The Enemy Within: How the ANC lost the battle against corruption
- Author: Mpumelelo Mkhabela
- Language: English
- Subject: African National Congress, Corruption in South Africa, Politics of South Africa
- Genre: Non-fiction
- Publisher: Tafelberg
- Publication date: July 2022
- Publication place: South Africa
- Pages: 208
- ISBN: 9780624091226

= The Enemy Within (Mkhabela book) =

2022 non-fiction book by Mpumelelo Mkhabela

The Enemy Within: How the ANC lost the battle against corruption (2022) is a book by Mpumelelo Mkhabela, a South African journalist and political analyst.

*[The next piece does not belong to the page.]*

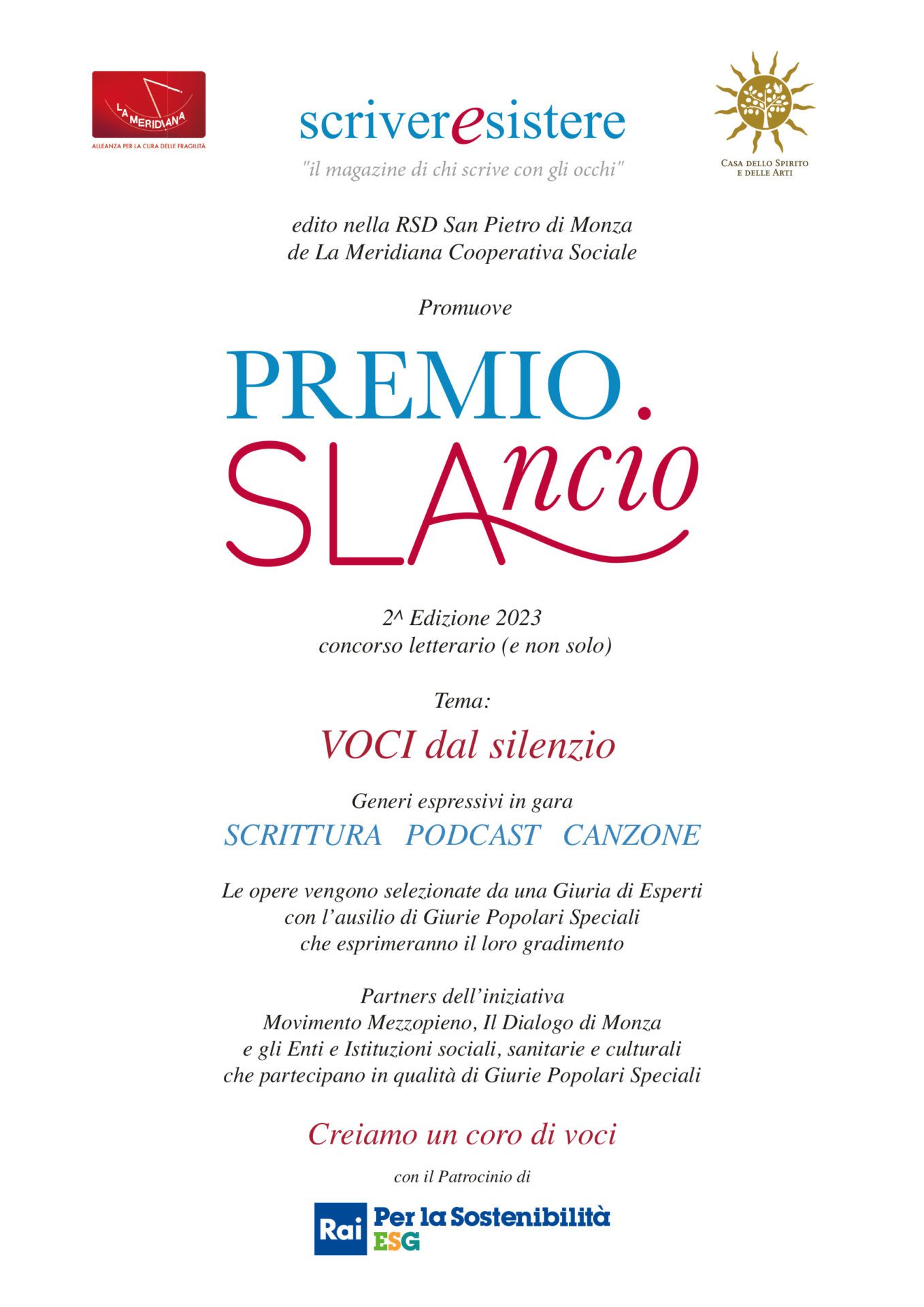 Monza, 02 febbraio 2023. Dal prossimo 20 febbraio sino al 31 marzo sarà possibile inviare le opere per partecipare alla Seconda Edizione del Premio SLAncio, concorso letterario promosso da Scriveresistere il magazine scritto con gli occhi. Il concorso è organizzato in collaborazione con la Cooperativa La Meridiana, editrice della rivista, e con la Fondazione Casa dello Spirito e delle Arti. Il Concorso Premio SLAncio vede il Patrocinio di Rai per la Sostenibilità.

The book is an account of how corruption entrenched itself within South Africa's governing party, the African National Congress (ANC) and the party's failed efforts to fight it.

== Synopsis ==

The book starts with an introductory account of how the ANC dealt with one of the first serious incidents of corruption the party had to deal with following its ascent to power; the expulsion of Bantu Holomisa from the ANC after requesting that the former Transkei Prime Minister and ANC Minister for Public Enterprises, Stella Sigcau be investigated for corruption.

Mkhabela focuses on the ANC's "new cadre" policy wherein loyal party members were deployed in important positions in government and state-owned enterprises; what the long-term impact of this policy was and how it greatly contributed to the growth of corruption within the party. Mkhabela does this by detailing a number of well-publicised ANC corruption scandals that occurred during the presidencies of Nelson Mandela, Thabo Mbeki, Jacob Zuma, and Cyril Ramaphosa. These scandals include the Tony Yengeni controversy, the disbandment of the Scorpions, the Gupta family, Jackie Selebi, and corruption within the Zuma administration generally.

In the book, Mkhabela argues that by tolerating corrupt practices and shielding ANC members accused of corruption from prosecution or accountability the party allowed corruption to become entrenched in the party and, by extension, in the South African government. Mkhabela also points out how, paradoxically, the presidency of Jacob Zuma was the most vocal about fighting corruption within the ANC even though it was also regarded as the most corrupt. The book ends with asking if South Africa will be able to deal with corruption before it destroys the country.

== Reception ==

Political scientist, poet and ANC member Keith Gottschalk described the book as "the latest in a cascade of publications over the last decade that record corruption and theft by leading politicians in the country’s ruling party" and stated that in a less free or democratic society the author of such a book would be arrested and harassed. The South African political news website Polity states that the book "tells a fascinating and gripping story, starting with Mandela" of how corruption grew in South Africa.